对大量注释数据的需求是在农业应用中采用深度学习的主要障碍，在农业应用中，注释通常是耗时的，并且需要专业知识。为了解决这个问题，已经开发出方法来选择代表数据集中现有可变性的数据进行手动注释，从而避免冗余信息。核心集选择方法旨在选择最能代表整个数据集的数据样本的一小部分。因此，这些方法可以用来选择一个减少的样本集进行注释，优化深度学习模型的训练，以获得最佳性能。在这项工作中，我们提出了一种简单而有效的核心集选择方法，该方法将最新的基础模型DINOv2作为强大的特征选择器与著名的K-Means聚类方法相结合。从每个计算的聚类中选择样本，形成最终的核心集。通过比较随机约简数据集上训练的多类分类模型的性能指标，验证了所提方法的有效性。该验证是在两个不同的数据集上进行的，在这两种情况下，所提出的方法都取得了更好的结果，在训练数据集上显著减少F1分数，提高了0.15。此外，研究了使用DINOv2作为特征提取器来获得这些良好结果的重要性。

本文章由计算机程序翻译，如有差异，请以英文原文为准。

查看原文本刊更多论文

Reducing annotation effort in agricultural data: simple and fast unsupervised coreset selection with DINOv2 and K-means.

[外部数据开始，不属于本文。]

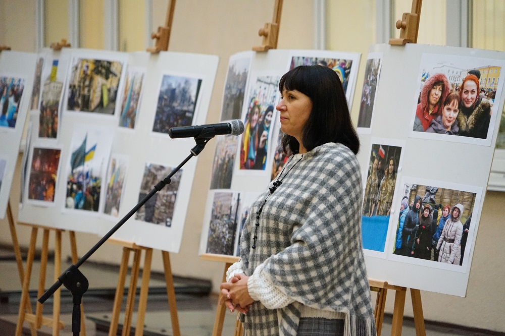 Серед світлин є й роботи зроблені Тетяною Поліщук, заступником декана Факультету журналістики, яка була учасником Автомайдану.
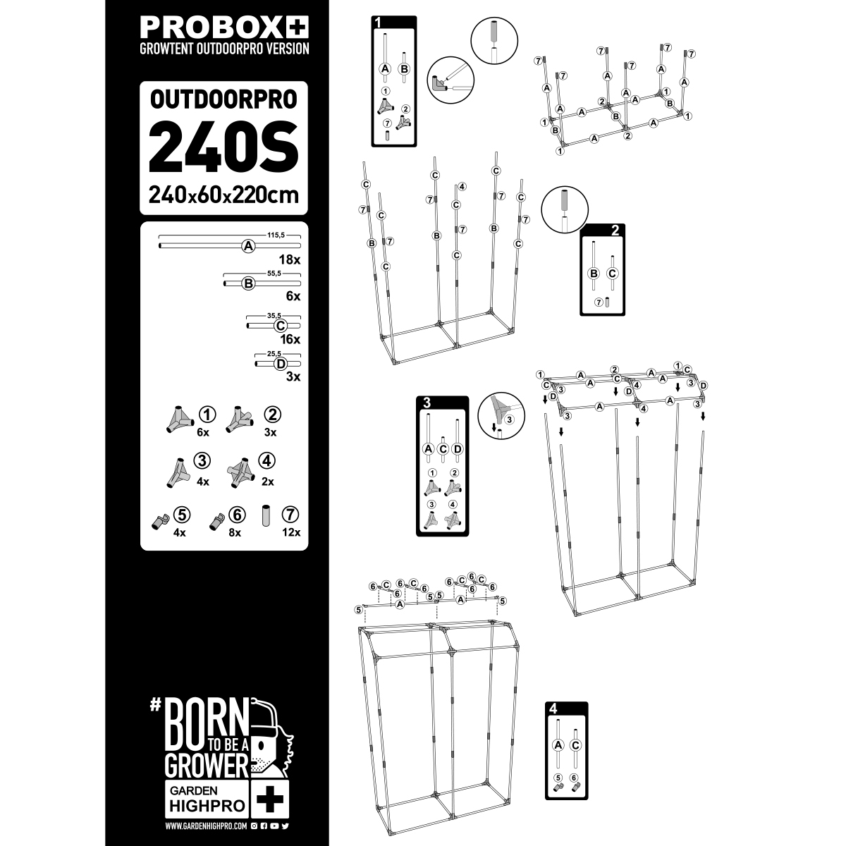 Garden HighPro Outdoorpro 240S : grande tente renforcée 240x120x200cm (2.88m²). Construction robuste pour 8-16 plantes.
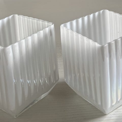 Glas, Urtepotteskjulere, 2 Stk, KUN 25,- Kan sendes/ Evt. Leveres 10 Cm x 10 Cm x 10 Cm.
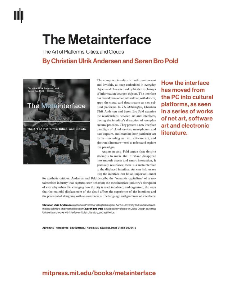 The event will include a guest lecture by Søren Pold, co-author of The Metainterface: The Art of Platforms, Cities, and Clouds (MIT Press, 2018) and short 5-8 minute ‘lightening talks’ from network members.

The need for large amounts of annotated data is a major obstacle to adopting deep learning in agricultural applications, where annotation is typically time-consuming and requires expert knowledge. To address this issue, methods have been developed to select data for manual annotation that represents the existing variability in the dataset, thereby avoiding redundant information. Coreset selection methods aim to choose a small subset of data samples that best represents the entire dataset. These methods can therefore be used to select a reduced set of samples for annotation, optimizing the training of a deep learning model for the best possible performance. In this work, we propose a simple yet effective coreset selection method that combines the recent foundation model DINOv2 as a powerful feature selector with the well-known K-Means clustering method. Samples are selected from each calculated cluster to form the final coreset. The proposed method is validated by comparing the performance metrics of a multiclass classification model trained on datasets reduced randomly and using the proposed method. This validation is conducted on two different datasets, and in both cases, the proposed method achieves better results, with improvements of up to 0.15 in the F1 score for significant reductions in the training datasets. Additionally, the importance of using DINOv2 as a feature extractor to achieve these good results is studied.

求助全文

通过发布文献求助，成功后即可免费获取论文全文。去求助

来源期刊

Frontiers in Plant Science PLANT SCIENCES-

CiteScore

7.30

自引率

14.30%

发文量

4844

审稿时长

14 weeks

期刊介绍： In an ever changing world, plant science is of the utmost importance for securing the future well-being of humankind. Plants provide oxygen, food, feed, fibers, and building materials. In addition, they are a diverse source of industrial and pharmaceutical chemicals. Plants are centrally important to the health of ecosystems, and their understanding is critical for learning how to manage and maintain a sustainable biosphere. Plant science is extremely interdisciplinary, reaching from agricultural science to paleobotany, and molecular physiology to ecology. It uses the latest developments in computer science, optics, molecular biology and genomics to address challenges in model systems, agricultural crops, and ecosystems. Plant science research inquires into the form, function, development, diversity, reproduction, evolution and uses of both higher and lower plants and their interactions with other organisms throughout the biosphere. Frontiers in Plant Science welcomes outstanding contributions in any field of plant science from basic to applied research, from organismal to molecular studies, from single plant analysis to studies of populations and whole ecosystems, and from molecular to biophysical to computational approaches. Frontiers in Plant Science publishes articles on the most outstanding discoveries across a wide research spectrum of Plant Science. The mission of Frontiers in Plant Science is to bring all relevant Plant Science areas together on a single platform.